Meet Megakota
It started as a joke: an online petition asking President Donald Trump to merge the rural, sparsely populated states of North and South Dakota into a single state, dubbed “Megakota.”
“i think itd be pretty cool to have a state called MegaKota so yeah,” a North Dakota user of change.org named Dillan Stewart wrote.
It’s self-evidently silly — not to mention disrespectful to the state’s namesake, the very real Dakota people. But as the person who once wrote 3,000 words analyzing how barely more serious 2012 proposals to have South Dakota secede from the Union might play out, I’m all for taking silly things to unreasonably seriously. (For the record, such a merged stated would be more respectfully named “Dakota.”)
So here’s what the new state would look like. It would be America’s new 4th-largest state by land area, slipping in just ahead of Montana with 147,878 total square miles of area, the 40th-largest state by population with about 1.62 million people, and the 37th-largest by economy with a gross domestic product of around $101.8 billion.
The new state would combine the tourism and financial services industries of South Dakota with the oil and gas revenues of North Dakota, along with both states’ burgeoning agricultural sectors — with around $16 billion in combined 2017 agricultural revenue, Megakota would be the nation’s sixth-biggest farm economy, just behind Minnesota.

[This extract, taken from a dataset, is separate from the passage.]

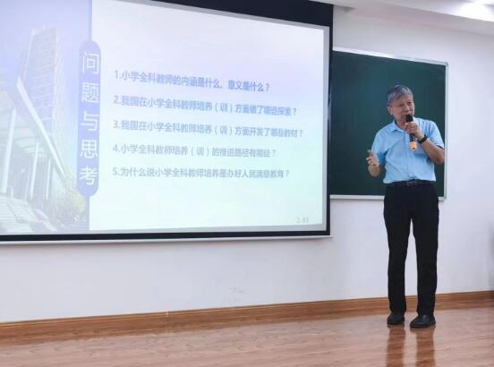 在简短而热烈的开班仪式后,西南大学必赢3003no1线路检测中心宋乃庆教授为学员们带来题为《小学全科教师培养(训)的创新和实践探索》的讲座。宋教授生动阐释了小学全科教师的内涵与意义,并具体介绍了发达国家培养(训)全科教师的经验以及我国在小学全科教师培养(训)方面的教材开发、推进路径等积极探索。

Politically, going from two states to one would cost the Dakotas two of their current four U.S. senators. Megakota would have a similar population to Idaho or West Virginia, instead of Alaska and Delaware. But it wouldn’t lose any members of the House of Representatives — with about 1.6 million people it would be comfortably in the middle of the bloc of states with two representatives. On the national level, Megakota would likely be as reliably Republican as North and South Dakota are; Donald Trump received more than 62 percent of the vote from the two states in 2016, and both also now have all-Republican delegations to Congress.
Demographically, Megakota would be among the least dense in the country, as are both of its current constituent parts — Megakota would have around 11 people per square mile, ahead of only Montana, Wyoming and Alaska. What people it does have would be heavily concentrated in the new state’s eastern half, where its two largest cities (Sioux Falls and Fargo) would be located. But Megakota would still have some population centers outside the Interstate 29 corridor, including Rapid City in its southwest and Bismarck in the north-center. Its northwestern oil and gas fields would also provide a big economic engine.
One big decision the new state would have to make is where to situate its capital. Currently both picked central cities as their seats of government, with South Dakota’s in tiny, 14,000-person Pierre and North Dakota’s in 71,000-person Bismarck. But with Megakota’s population so heavily situated in its eastern stretch, the new combined state legislature would have to consider the best location for a new capital. Bismarck is six hours’ drive from Sioux Falls, while Pierre is more than five hours from Fargo.
The center of population for the new state would be in what is today north-central South Dakota, near tiny Ipswich, S.D. Much to the disappointment of the Ipswitch Chamber of Commerce, that thousand-person former railroad town probably wouldn’t get the new state’s dome. Nearby Aberdeen, S.D. (28,388), is the closest large town to the new state’s population center, while Mobridge, S.D. (3,520) could be another option if western interests refused to accept an eastern capital. Either way, the new state’s capital would be fairly remote, and the new state might push to improve the existing north-south U.S. Highways 83 (running east of the Missouri River between Pierre and Bismarck) or 281 (running up the James River Valley through both Dakotas).
It’s highly unlikely that any U.S. state would ever agree to give up its political influence by voluntarily merging with another state, at least not so long as the U.S. political system apportions representation by state as well as population. But if it were to happen, these twin low-population prairie states would be as good a nomination as any. (Their separate creation itself owes much to politics, as national 1880s Republicans sought to bolster their performance in the Senate by creating creating new Republican-dominated states.) In return for some sacrificed political power and a whole lot more driving, Megakotans would gain a larger, more diverse economy and a larger (but no more diverse) population — still small and rural, but through sheer scale, a much more significant player on the national stage.